The experience has heightened my existing chariness, won by bitter experience, that activates during any conversation these days. Even when not discussing current events, politics seems only a sentence or two away from barging in.  I am thus on guard against accidentally climbing any set of rhetorical gallows that might have secretly been erected for me, in order to out me and condemn me, thus proving to the other person the invalidity of my intellect or the dissolution of my sanity.

I've had this happen and it is not fun. It never persuades me of the other person's cause, but most of the time I don't get the idea like that was the point. Their plea to me takes the form of saying: don't get the idea that there is ANY common ground between us on these things, You must abandon everything you believe right now if you wish for me to consider your opinions as worthy of any respect.

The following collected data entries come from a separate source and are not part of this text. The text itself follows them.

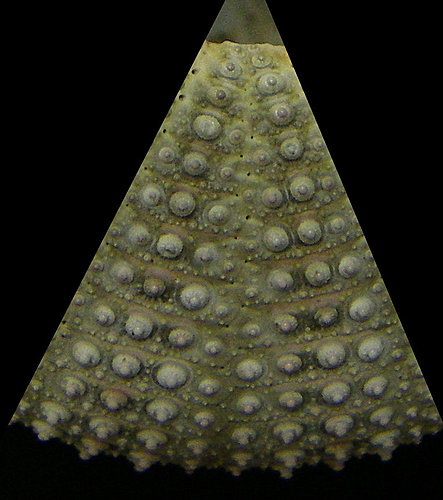 Ambulacra(步帶區):體殼步帶區上的大疣非常的整齊排列在管足孔邊,小疣排列較不整齊,但於ambitus區域則明顯變得與大疣相當,大疣的細齒明顯而無穿孔,步帶板縫合處的angular pits顯著可見。每組「對孔弧」以3對一組呈現向外向下斜走,上下大疣間有一顏色較白、稍微突起的半菱形狀斑塊將上下大疣明顯的隔開。骨板的上下緣,具有水平走向的凹溝。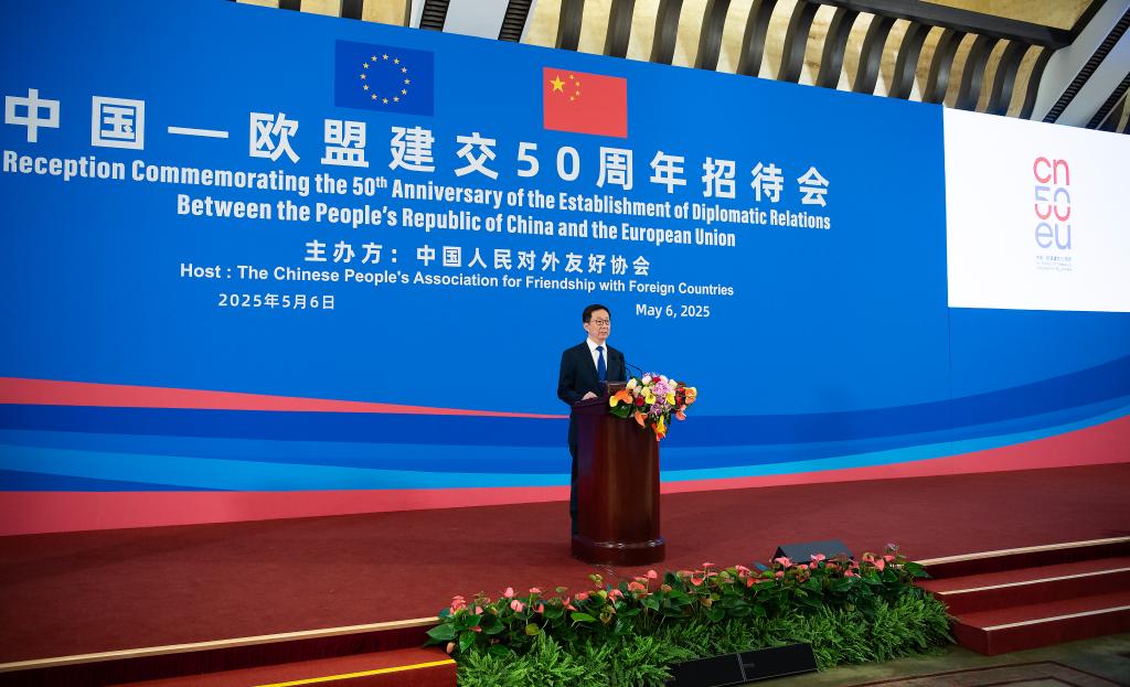 Chinese Vice President Han Zheng addresses a reception celebrating the 50th anniversary of diplomatic ties between China and the European Union (EU) in Beijing, capital of China, May 6, 2025. (Xinhua/Li Tao)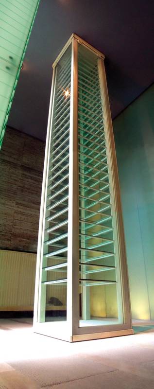 2001 hat GLASBAU HAHN einen Weltrekord im Bereich Vitrinenbau geliefert. Die 9 m hohen Glasscheiben beherbergen die Namenskarten von 70.000 Opfern. Die Vitrine passt perfekt zur Architektur der nationalen Gedenkstätte für die Atombombenopfer von Nagasaki, vom Architekten Akira Kuryu.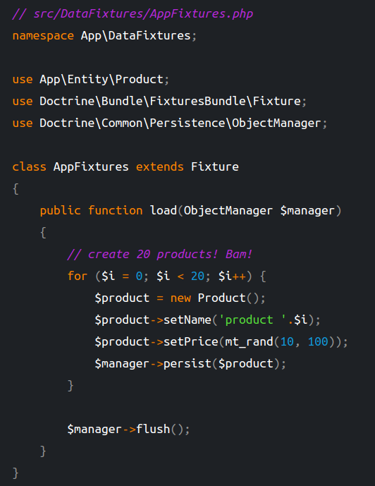$ composer require --dev doctrine/doctrine-fixtures-bundle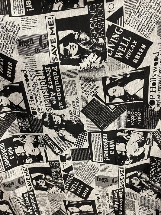 New newspaper fashion design print on cotton Jersey 4-way stretch 58/60” Sold by the YD. Ships Worldwide from Los Angeles California USA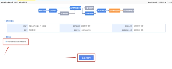 7、点击勾选银行生成子账号此处生成唯一的保证金子账号,每个标的对应一个保证金账号每位竞买人都有自己唯一保证金虚拟子账号如果一个人报名十个标的那么就有十个保证金子账号)。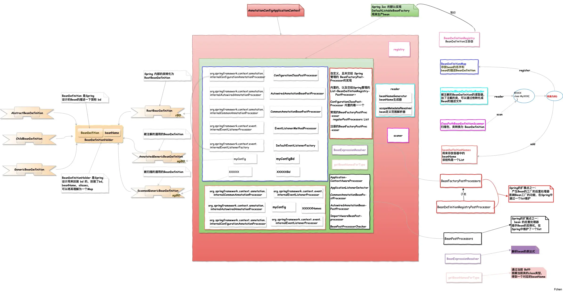 至此,Spring 中容器初始化不部分的解析已经处理完了,到目前为止,容器的中的东西基本上已经齐活了,通过下面的容器形成图示例: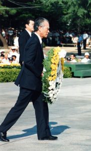 村山さんは94、95年、首相として市の平和記念式典に臨んだ。以後、歴代首相が継続的に出席している。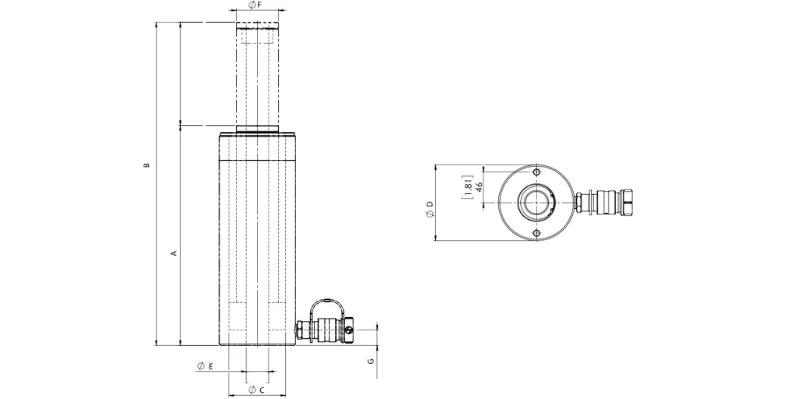 Nimike Isku (mm) Öljytilavuus (cc) Männän pinta-ala (cm²) Lepokorkeus A (mm) Rungon  sisä-Ø C (mm) Ulko-Ø D (mm) Reiän Ø E (mm) Männän Ø F (mm) Pohja – liitin G (mm) Paino (kg)

Some might demand my capitulation in this way believing it is their duty to do so, in the fight of Good against Evil.  In their eyes, my opinions mean that at best I am ignorant, and thus I need to be informed of such out of charity. In this case, they might deliver their opinion with a tone of voice that suggests that they believe, like a stern professor lecturing a yokel freshman, that it has never occurred to me that not everyone shares my parochial viewpoint.

They convey the impression that they are delivering news to me by their rebuke of me. Why else would I have sought their fellowship, if I did not naively expect a reflection of my own opinions? Can it be that I just don't talk to enough people, or don't read the right news websites, to be yet aware of the consensus shared by all decent, good, intelligent people? No doubt I've been led astray by bad influences. Now that I have been corrected by them on this point, however, they expect to me to fall in line and to get on the right side of history.

If I fail to fall in line, however, then perhaps I have gone bad in the worst possible way. Perhaps, as they might have already suspected, I am truly one of the irredeemable ones, as wrong as wrong can be. Sadly, for my own sake, I need to be humiliated, to have my ego crushed without mercy if necessary, lest I draw others into my whirlpool of error. My continued resistance to fact and reason is a danger to others and to humanity, It is doing violence, which must be stopped

Remembering such exchanges, or even imaging the possibility of new ones in regard to certain individuals who might contemn me, I struggle to hold my choleric self from internal outbursts of uncharitable thoughts. Repenting for these petty imagined skirmishes to my brothers and sisters is a daily task of prayer, even as I would, I am certain now, hold my tongue in person, to the point of allowing them to believe that their rebuke had wrought its desired effect in me. If they need to report my fallen state, as well as their triumph over me, on social media to any mutual friends we share, I'm fine with that.

Thankfully none of this applies to Lars and me so far, Beneath the contentious debate there is still mutual respect, cordiality, and even curiosity. I think we can keep pulling it off. For this I am extremely grateful. Lars is a rare gem of a soul. Perhaps I will find other friends on the other side for whom this applies as well, with whom I have erroneously written off the possibility of fellowship in the current era. In any case, I will keep looking, and trying, albeit cautiously and selectively. At the moment, in most cases, I prefer to stand and wait.

The worst of this kind of thing is probably yet to come for all of us as a nation, however. It does not make me despair to think of this situation we are all in, That's a vice in which I refuse to indulge. I pray for everyone I know.